Postby catmoon » Sun Jan 15, 2012 10:33 am

Oh, the benefits. That's something we should look at you know. Well increased concentration is one, which I took advantage of while working on a degree. Might apply to meditation as well. It settles the mind. Then there is all that learning about generosity and friendship you get from being part of a community that looks after each other. There's the daily practice of patience, as every day several people will assume you are so ignorant you have no clue, and tell you "Smoking is bad for you, you know." as if they were the only person in the world to figure it out. There is the solitude of stepping outside for a smoke and seeing the stars and a glowing halo around the moon, or meeting a friendly passing pussycat that everyone else misses out on.

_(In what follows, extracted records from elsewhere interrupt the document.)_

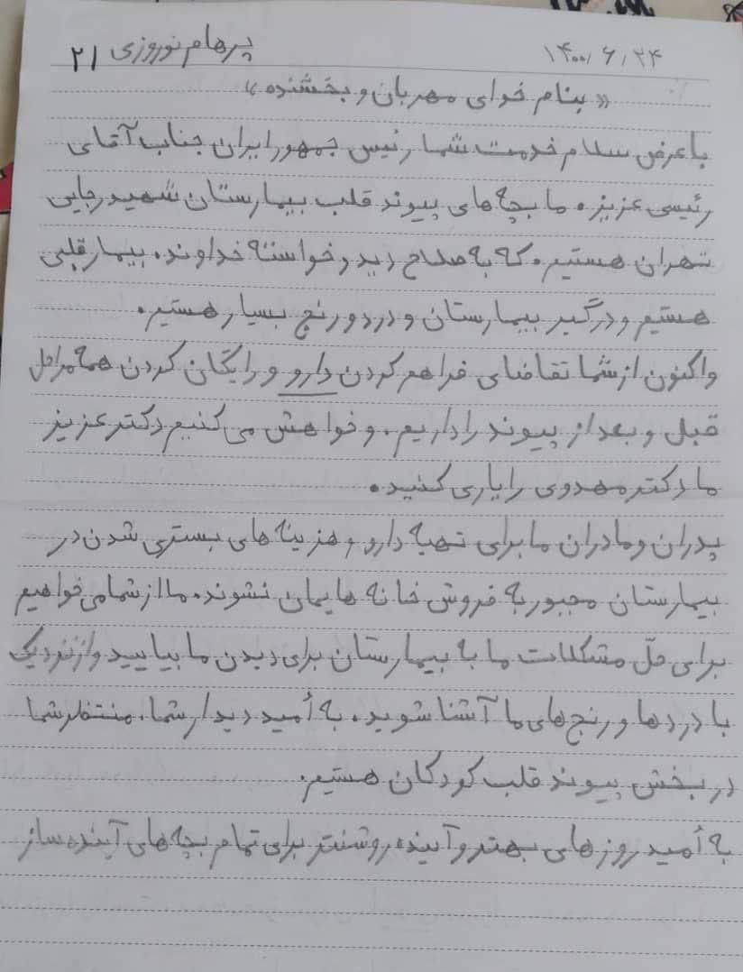 پرهام نوروزی دانشآموز کلاس ششم که شهریورماه ۱۴۰۰ در بیمارستان بستری بود به خاطر سختی شرایطش از جمله مشکلات دریافت دارو به رییسجمهور نامه نوشت. این نامه در صفحه اینستاگرام دکتر سیدمحمد مهدوی فوق تخصص قلب کودکان و بیماریهای پیچیده مادرزادی که به قول پرهام «فرستاده خدا برای مراقبت از بچهها است» منتشر شد و در نهایت به دست وزیر بهداشت رسید و دکتر بهرام عیناللهی دستور پیگیری موضوع توسط رییس دانشگاه علوم پزشکی همدان را صادر کرد.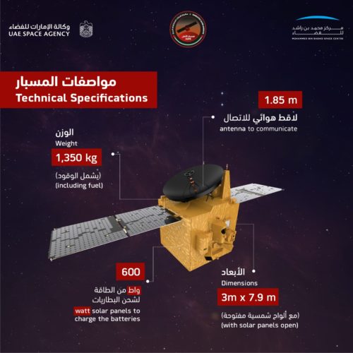 The Hope Probe will be the first probe to provide a complete picture of the Martian atmosphere and its layers when it reaches the red planet’s orbit in 2021. It will help answer key questions about the global Martian atmosphere and the loss of hydrogen and oxygen gases into space over the span of one Martian year.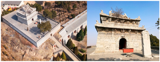 The Limestone Hall of XuanwuTemple (Figure 1) is located 10.5 km southwest from Heyang County, Shaanxi Province, China. It was established in a towering earth hummock. At the top of the earth hummock, a platform was built with green bricks, and the Limestone Hall is located in the central north of the platform (Figure 2). The bottom of the Hall is arranged with a stylobate with an east-west width of 9 m, south-north width of 9.25 m and height of 0.06 m. The plane of the hall is square with a side length of 8.01 m and height of 9.04 m. Nearly 700 lime stones were used to build the Hall, which is a wood-like structured double-eave irimoya. Exquisite relief patterns are sculptured in the stones of the outer wall of the Hall. An arch (Figure 3a) is set in the middle of the southern side of the Hall, and inside the arch is a barrel arch serving as the corridor to enter the Hall. The internal hall was built by a stone wall close to square in plane with an east-west width of 4.33 m and south-north depth of 4.38 m. A stone oblique beam was built in four corners of the internal wall in a position 1.89 m high away from ground (Figure 3b); multiple stone posts were used to overhang internally and converge in the center of the top of the hall generally and then became octagonal superimposed domes (Figure 3c). A statue of the Xuanwu Emperor is arranged in the temple.

One learns a lot about how society operates when one is a smoker. I grew up in a smoker friendly environment, then watched as the government poured billions of dollars every year starting around 1973 into so-called "education" programs. I saw the power of money to create and shape public opinion, when it is applied steadily and in large quantities. I watched an entire generation come to sincerely, even passionately believe exactly what the government wanted them to, without a whimper.

It's odd that people speak about smoking as if it were purely, inherently evil. Fortunately the Buddha taught us not to believe in inherent natures and pursue a middle path, one in which we can see everything as it is - a mixture of harm and benefit, in flux, changeable in every moment and often surprising.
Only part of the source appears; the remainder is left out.